Nesse momento Luis Augusto e Eduardo, que estavam em outro recinto, apareceram
e, cientes do vexame, trataram de tirar o amigo de cena, desaparecendo
rapidamente daquele colégio.
Luis
Augusto não conseguia compreender como um garoto tão inteligente como seu
primo, que era o melhor aluno de sua escola, pudesse ser tão acriançado a
respeito de certas coisas. Na volta para casa Johnny foi esclarecido pelos
amigos de maneira rudimentar, sobre a procriação. Incrédulo com tudo aquilo,
protestou com veemência:
-
Minha mãe jamais faria uma coisa dessas! Ela é uma mulher direita e meu pai um
homem de respeito!
Eduardo
ria muito da inocência do amigo e, tratando de convencê-lo que tudo aquilo que
ele acreditava era história da carochinha, disse a seguir:
- Eu
também acreditava nisso quando era pequeno! Meu primo me contou como era a
coisa. Ele já é rapaz e já foi na “zona”!
Eu
acreditei nisso até aos oito anos, quando um menino na praia me contou a
verdade! – Disse Luis, que acrescentou:
- Não
acreditei e perguntei a um primo de minha mãe que estudava medicina. Ele me
explicou tudo, me deu um livro para ler e fiquei sabendo da verdade! Mas você
tem doze anos, Johnny e no final do ano terá treze! Como é que você nunca
percebeu uma mulher grávida?
- É
que nos livros e nos desenhos animados a gente sempre vê uma cegonha carregando
um bebê em um pano, segurado pelo bico! – Disse o garoto, na tentativa de se
desculpar daquele vexame.
- Tudo
para enganar os bestas! Se você quiser saber da verdade, pergunte a algum
adulto, que eles irão lhe esclarecer de tudo. - Argumentou Eduardo.
Johnny
estava bastante confuso e sentia sua auto-estima bem baixa. Foi criado na roça
sem ter um amigo da sua idade, para trocar idéias ou lhe fazer companhia. Havia
apenas três meses que tinha conhecido sua turma, sendo acolhido por eles com
muito carinho. Eram os seus primeiros amigos e jamais tocaram em tal assunto.

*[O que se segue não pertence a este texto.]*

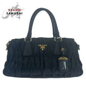 Prada Tessuto Shoulder Nylon Black Leather Bag Shirred

Às vezes comentavam sobre namoradas, casamentos e filhos, mas de maneira
romântica, como ideal de futuro. Lembrou-se do que Mipai lhe disse certa vez, a
respeito de uma menina: “Eu vou fazer um filho nela!” No entanto ele não
entendeu, o que o amigo queria dizer e não se preocupou com isso, julgando ser
mais um dos seus gracejos. Depois de se despedir de Eduardo e Luís, o garoto
foi para sua casa, bastante atordoado com os últimos acontecimentos. Eram onze
horas da manhã e naquela hora o tempo estava fechando, prometendo uma boa
chuva. Ele parou em casa dos tios de sua mãe, de quem tinha uma estima
especial. Tentou esclarecer o assunto com suas primas, mas o que ouviu delas
foram deduções evasivas, que o deixou mais confuso ainda. As moças sentiram-se
constrangidas com um assunto tão delicado e deixou as explicações para seus
irmãos. Os primos riram bastante e depois de muitas pilherias, explicaram o
assunto de maneira torpe e pouco convencional.
No dia
seguinte, antes de ir à escola, recebeu a visita do seu tio avô, que ficou
sabendo do dilema do sobrinho. Era um velho espiritualista, grande inimigo de
biblistas, que repelia qualquer tipo de preconceito. Tinha verdadeira aversão
pelos politiqueiros, pelos falsos moralistas e sempre dizia que sua religião
era a Verdade, a qual existia independentemente à sua ignorância. Johnny ficou
encantado com a atenção dada pelo tio, que se deslocou do centro da cidade,
onde morava e veio ter com ele aquela agradabilíssima conversa. Ele sabia
deixar um jovem à vontade e o garoto expôs as suas dúvidas sem
constrangimentos. Ficou ciente de tudo; embora, um tanto decepcionado com a
realidade das coisas. Contudo, houve um pequeno detalhe, que ele considerou
como uma boa aquisição à sua existência. Aquela atração lasciva que ele sentia
pelas meninas, era uma coisa normal e ele podia dar evasão no momento oportuno,
mesmo que fosse de forma virtual. Pouco importava, pois não era ilícito e não
trazia conseqüências futuras. Ele estava dando adeus à sua infância e uma nova
etapa em sua vida iria recomeçar: João Evangelista Bruni Pereira, o Johnny The
Kid deixava de ser uma criança, tornando-se um adolescente. Aquele dia
tornou-se maravilhoso, cheio de imaginações e esperanças no futuro. Ao
anoitecer se recolheu mais cedo e dormiu tranqüilo o sono dos justos, apesar da
nova chuvarada que se abateu sobre a cidade, seguindo por toda a madrugada, terminando
ao amanhecer.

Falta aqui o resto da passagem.